> _Action item_: Your reply should be the records below, duplicated exactly, with any picture removed.

** Opening Material to process block **

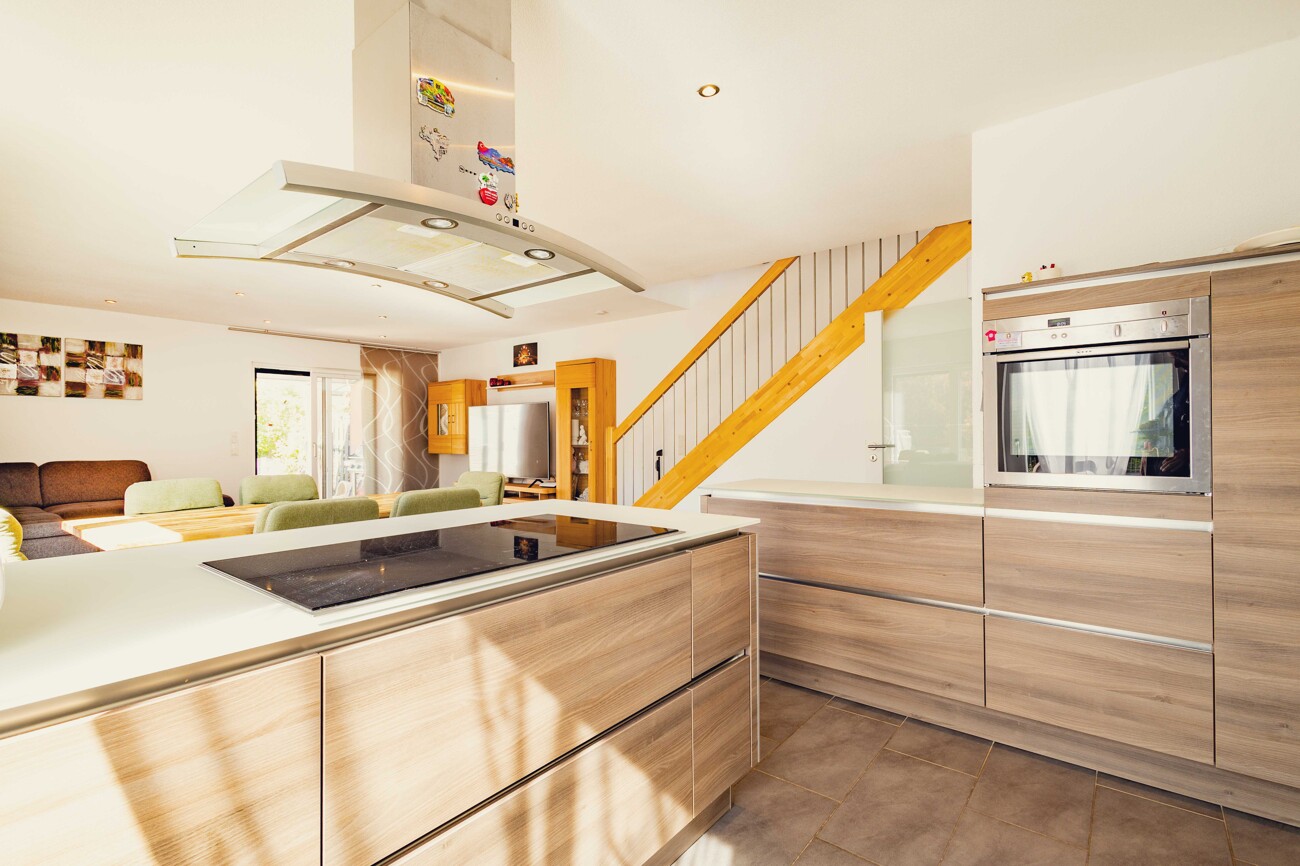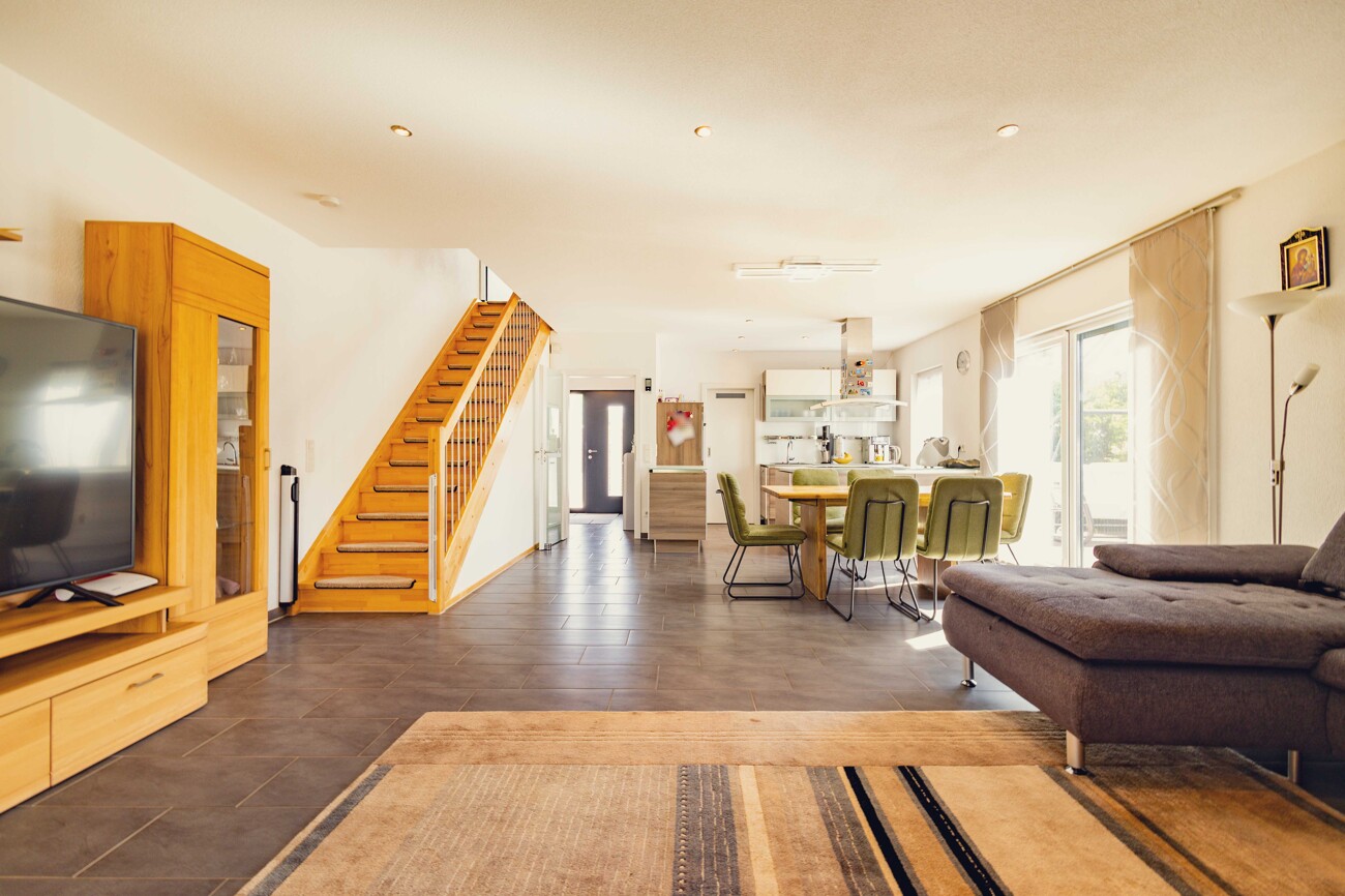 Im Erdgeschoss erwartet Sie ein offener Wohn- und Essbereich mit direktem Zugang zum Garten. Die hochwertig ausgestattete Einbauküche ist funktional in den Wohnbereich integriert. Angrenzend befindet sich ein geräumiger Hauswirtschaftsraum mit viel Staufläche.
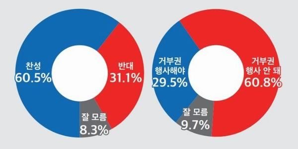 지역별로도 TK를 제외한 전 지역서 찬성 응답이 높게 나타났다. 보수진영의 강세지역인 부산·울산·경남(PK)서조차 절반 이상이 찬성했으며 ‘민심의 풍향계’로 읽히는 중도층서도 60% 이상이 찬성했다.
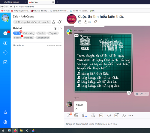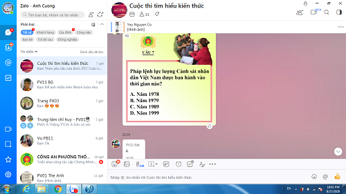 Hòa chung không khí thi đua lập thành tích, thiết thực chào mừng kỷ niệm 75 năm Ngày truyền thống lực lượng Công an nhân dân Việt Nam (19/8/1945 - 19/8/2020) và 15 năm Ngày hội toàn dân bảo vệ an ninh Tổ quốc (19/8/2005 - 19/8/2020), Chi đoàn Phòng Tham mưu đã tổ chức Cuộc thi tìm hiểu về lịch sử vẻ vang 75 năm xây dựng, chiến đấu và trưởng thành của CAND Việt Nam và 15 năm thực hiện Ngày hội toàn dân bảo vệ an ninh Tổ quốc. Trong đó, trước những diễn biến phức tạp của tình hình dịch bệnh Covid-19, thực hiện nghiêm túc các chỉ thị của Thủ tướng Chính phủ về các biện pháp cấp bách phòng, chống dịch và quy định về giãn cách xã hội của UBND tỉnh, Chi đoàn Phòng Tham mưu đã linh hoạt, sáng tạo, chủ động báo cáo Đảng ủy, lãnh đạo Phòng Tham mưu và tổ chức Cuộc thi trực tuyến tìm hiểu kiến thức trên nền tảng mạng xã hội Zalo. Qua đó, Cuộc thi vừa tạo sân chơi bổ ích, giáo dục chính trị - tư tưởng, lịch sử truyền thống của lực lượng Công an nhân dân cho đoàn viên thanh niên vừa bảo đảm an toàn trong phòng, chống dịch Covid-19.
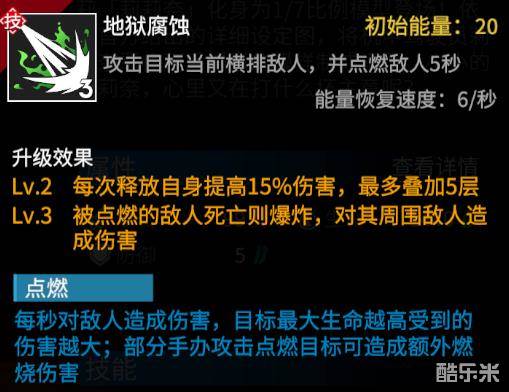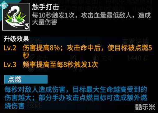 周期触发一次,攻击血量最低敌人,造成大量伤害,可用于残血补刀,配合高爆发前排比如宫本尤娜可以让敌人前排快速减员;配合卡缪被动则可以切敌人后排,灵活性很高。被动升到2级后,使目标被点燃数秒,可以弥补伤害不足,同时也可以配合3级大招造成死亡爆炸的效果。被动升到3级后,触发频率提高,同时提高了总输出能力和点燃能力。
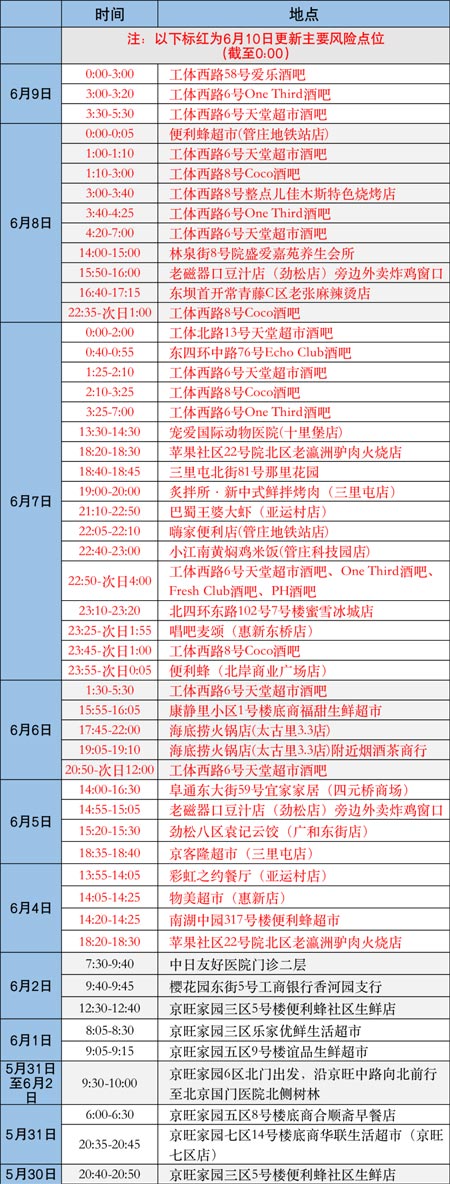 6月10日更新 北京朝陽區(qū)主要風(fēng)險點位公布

** Closing Material to process block **

> _Answer to the problem_:
 Im Erdgeschoss erwartet Sie ein offener Wohn- und Essbereich mit direktem Zugang zum Garten. Die hochwertig ausgestattete Einbauküche ist funktional in den Wohnbereich integriert. Angrenzend befindet sich ein geräumiger Hauswirtschaftsraum mit viel Staufläche.
 지역별로도 TK를 제외한 전 지역서 찬성 응답이 높게 나타났다. 보수진영의 강세지역인 부산·울산·경남(PK)서조차 절반 이상이 찬성했으며 ‘민심의 풍향계’로 읽히는 중도층서도 60% 이상이 찬성했다.
 Hòa chung không khí thi đua lập thành tích, thiết thực chào mừng kỷ niệm 75 năm Ngày truyền thống lực lượng Công an nhân dân Việt Nam (19/8/1945 - 19/8/2020) và 15 năm Ngày hội toàn dân bảo vệ an ninh Tổ quốc (19/8/2005 - 19/8/2020), Chi đoàn Phòng Tham mưu đã tổ chức Cuộc thi tìm hiểu về lịch sử vẻ vang 75 năm xây dựng, chiến đấu và trưởng thành của CAND Việt Nam và 15 năm thực hiện Ngày hội toàn dân bảo vệ an ninh Tổ quốc. Trong đó, trước những diễn biến phức tạp của tình hình dịch bệnh Covid-19, thực hiện nghiêm túc các chỉ thị của Thủ tướng Chính phủ về các biện pháp cấp bách phòng, chống dịch và quy định về giãn cách xã hội của UBND tỉnh, Chi đoàn Phòng Tham mưu đã linh hoạt, sáng tạo, chủ động báo cáo Đảng ủy, lãnh đạo Phòng Tham mưu và tổ chức Cuộc thi trực tuyến tìm hiểu kiến thức trên nền tảng mạng xã hội Zalo. Qua đó, Cuộc thi vừa tạo sân chơi bổ ích, giáo dục chính trị - tư tưởng, lịch sử truyền thống của lực lượng Công an nhân dân cho đoàn viên thanh niên vừa bảo đảm an toàn trong phòng, chống dịch Covid-19.
 周期触发一次,攻击血量最低敌人,造成大量伤害,可用于残血补刀,配合高爆发前排比如宫本尤娜可以让敌人前排快速减员;配合卡缪被动则可以切敌人后排,灵活性很高。被动升到2级后,使目标被点燃数秒,可以弥补伤害不足,同时也可以配合3级大招造成死亡爆炸的效果。被动升到3级后,触发频率提高,同时提高了总输出能力和点燃能力。
 6月10日更新 北京朝陽區(qū)主要風(fēng)險點位公布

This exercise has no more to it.